Professors named Conrad Humanities Scholars

Four from the College of LAS receive honor for mid-career scholars
English Building
The Conrad Humanities Scholars Award recognizes mid-career scholars in the humanities.

Four professors from the College of Liberal Arts & Sciences have been named 2022 Conrad Humanities Scholars. Lucinda Cole, professor of English; Jenny Davis, professor of American Indian studies and anthropology; Mauro Nobili, professor of history; and Xun Yan, professor of linguistics, have each been honored with the five-year appointment.

The Conrad Humanities Scholars Award recognizes promising mid-career scholars and provides financial support for continued achievement, research, and scholarship in humanities. The designation is for five years.

Descriptions of the recipients’ projects in their own words follow:  

Lucinda Cole, English

I will use my time as a Conrad Humanities Scholar to complete my next book, “The Fifth Plague: Animals, Contagion, and the Medical Posthumanities, 1580-1930.” Drawing on the scientific advocacy work of the One Health Movement, this monograph focuses on real and imagined cross-species (or zoonotic) pandemics, especially cattle plagues. By integrating human medicine, veterinary medicine, and environmental science, One Health promotes the idea that human health, animal health, and ecosystem health are inextricably linked. Such entanglements are figured in the Exodus story that gives rise to my title—the fifth plague is the “plague of beasts.” In this respect, “The Fifth Plague” uncovers a marginalized history of animal disease that, before antibiotics and most vaccines, drove fears about threats to human health and prosperity and, I argue, helped shape what it meant to be “human.”

Jenny Davis, American Indian studies and anthropology

My project, Deer Woman Killed De Soto, is a speculative feminist retelling of Hernando De Soto’s final days in 1542 that puts the mythology of De Soto in conversation with the narratives and archives of the Indigenous communities and lands he “discovered.” This project prioritizes discounted and as-of-yet- excluded archives, texts, and sources of knowing the past (and present), including Indigenous stories and archives, the land itself, and an anti-imperial reading of the Spanish colonial archive.
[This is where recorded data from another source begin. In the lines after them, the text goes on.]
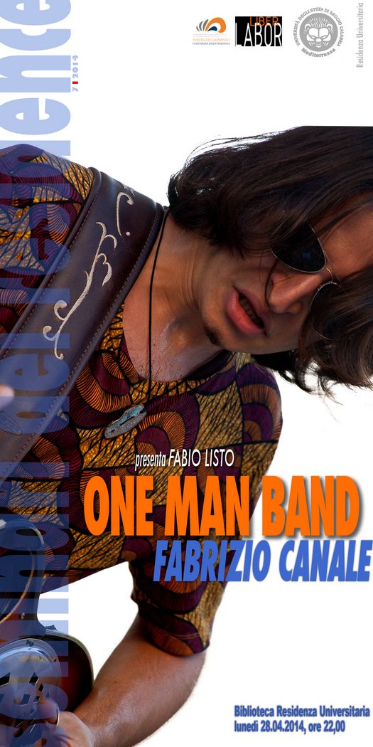 Fabrizio Canale è un artista di strada emigrante da Reggio Calabria. Un “One Man Band” che suona blues per le strade di tutta Europa con la sua chitarra, la sua armonica e la valigia di cartone usata come tamburo. Ha realizzato il proprio sogno di diventare un musicista, regista e colonna sonora della propria esistenza. Alla Residenza Universitaria presenterà il suo nuovo disco.
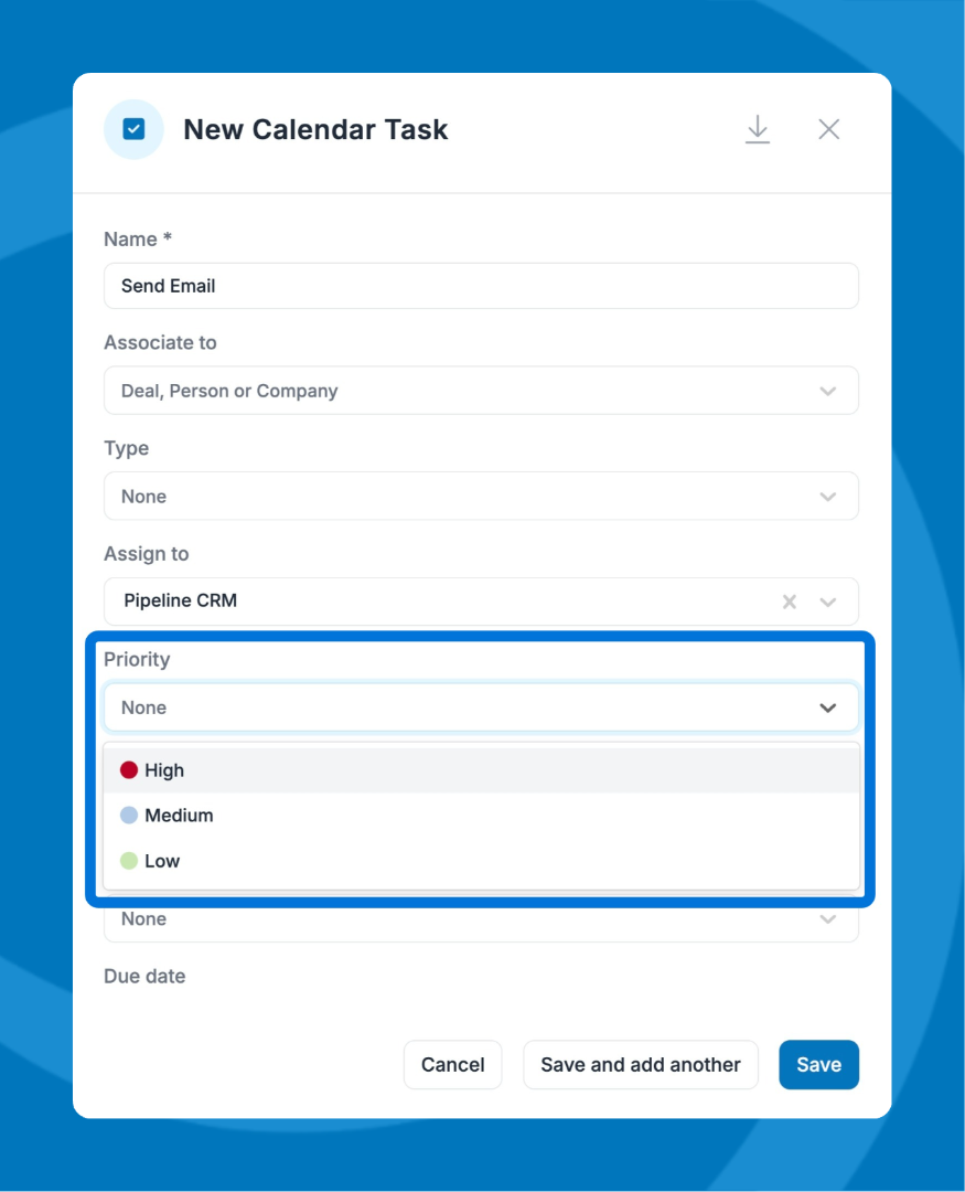 - In the task/event details, choose a Priority (example: High / Medium / Low).
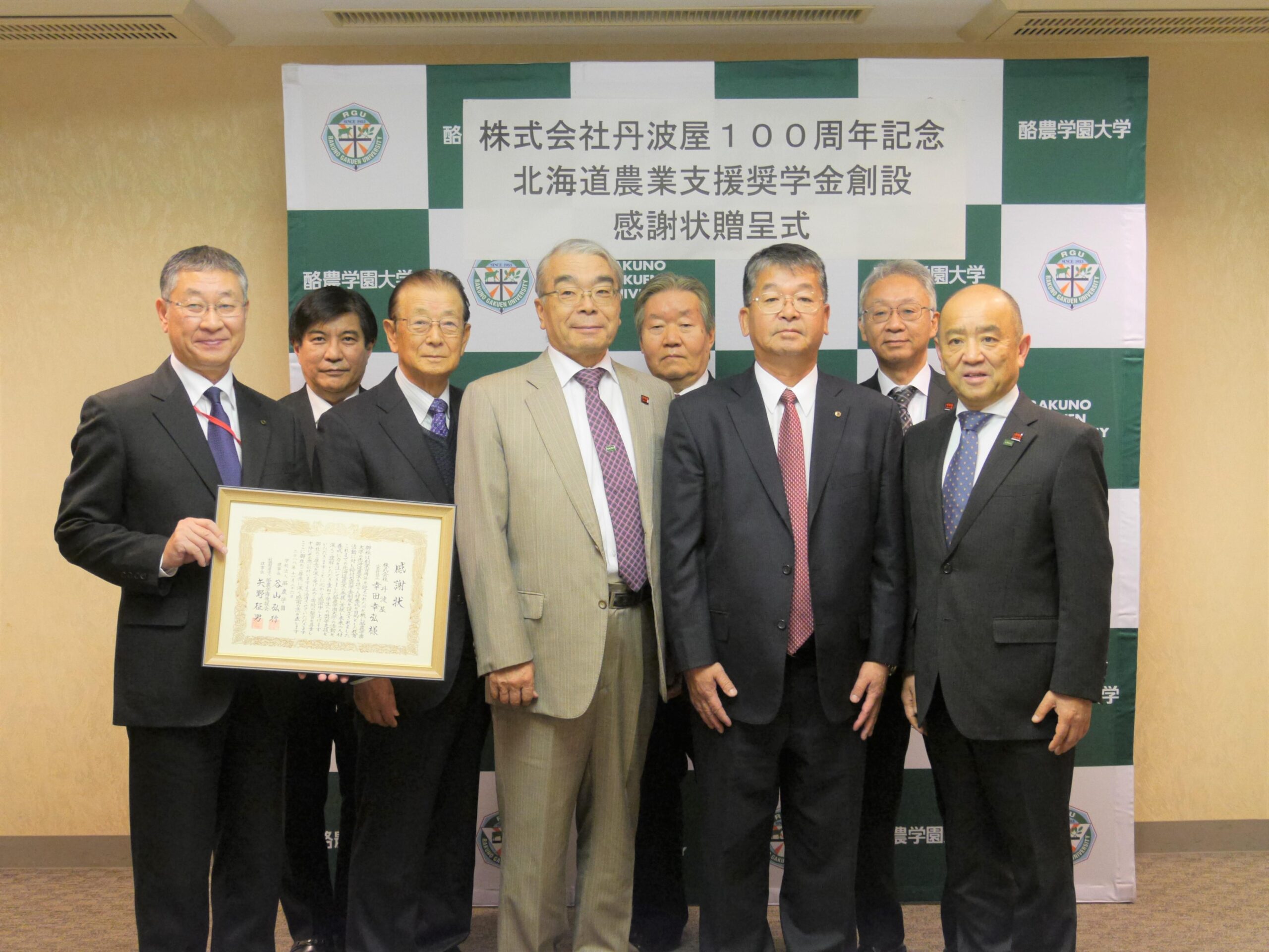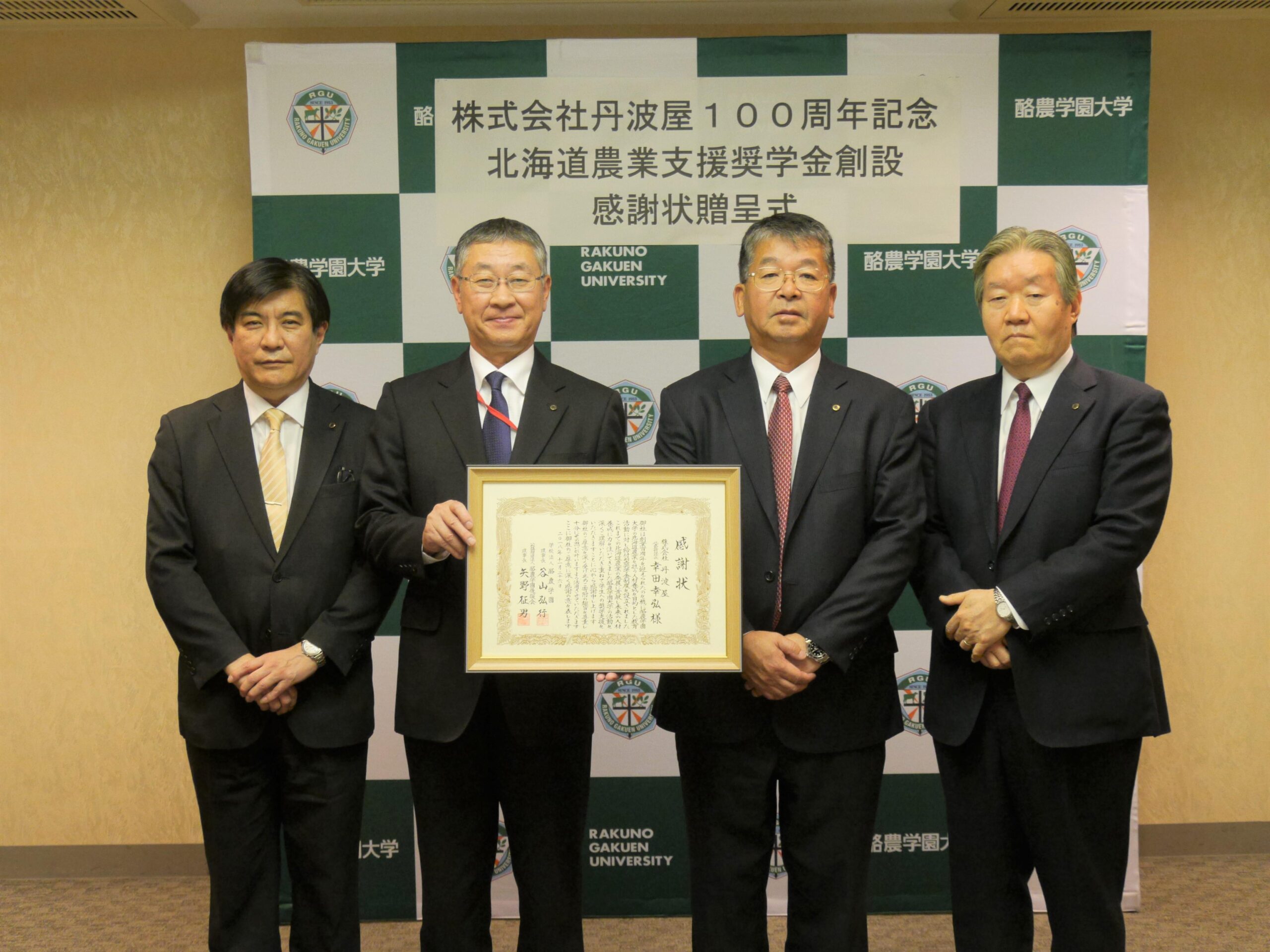 ・株式会社丹波屋100周年北海道農業支援奨学金創設感謝状贈呈式を開催(酪農学園大学公式サイト内関連ページ)

Research for this project includes retracing De Soto's proposed path through the Southeastern U.S. to multiple proposed sites of death along the Mississippi; exploring sources within tribal archives and libraries of Native Nations who De Soto encountered; and trips to to El Archivo General de Indias and El Archivo Nacional de Cuba.

Mauro Nobili, history

I am aiming at completing a book project that I started with the support of a National Endowment for the Humanities (NEH) grant, which is an edition and translation into English of two very important West African chronicles from the 17th and the 19th centuries, called the Tārīkh Ibn al-Mukhtār and the Tārīkh al-fattāsh - chronicles that figure prominently in my latest book, “Sultan, Caliph, and the Renewer of the Faith” (Cambridge University Press 2020). I am also working on a new book project is tentatively titled “Timbuktu, the Queen of England, and the French Invasion of the Sahara.” This book is a microhistory of an imperial encounter that took place in the Niger Bend in the 1850s. In this book, I will reconstruct the efforts of a West African notable (Aḥmad al-Bakkāy of Timbuktu) who attempted to enlist the support of an unlikely European ally (the German traveler Heinrich Barth) to consolidate his own economic power and political regional authority in the Niger Bend while also attempting to defend this region from French militaristic expansion.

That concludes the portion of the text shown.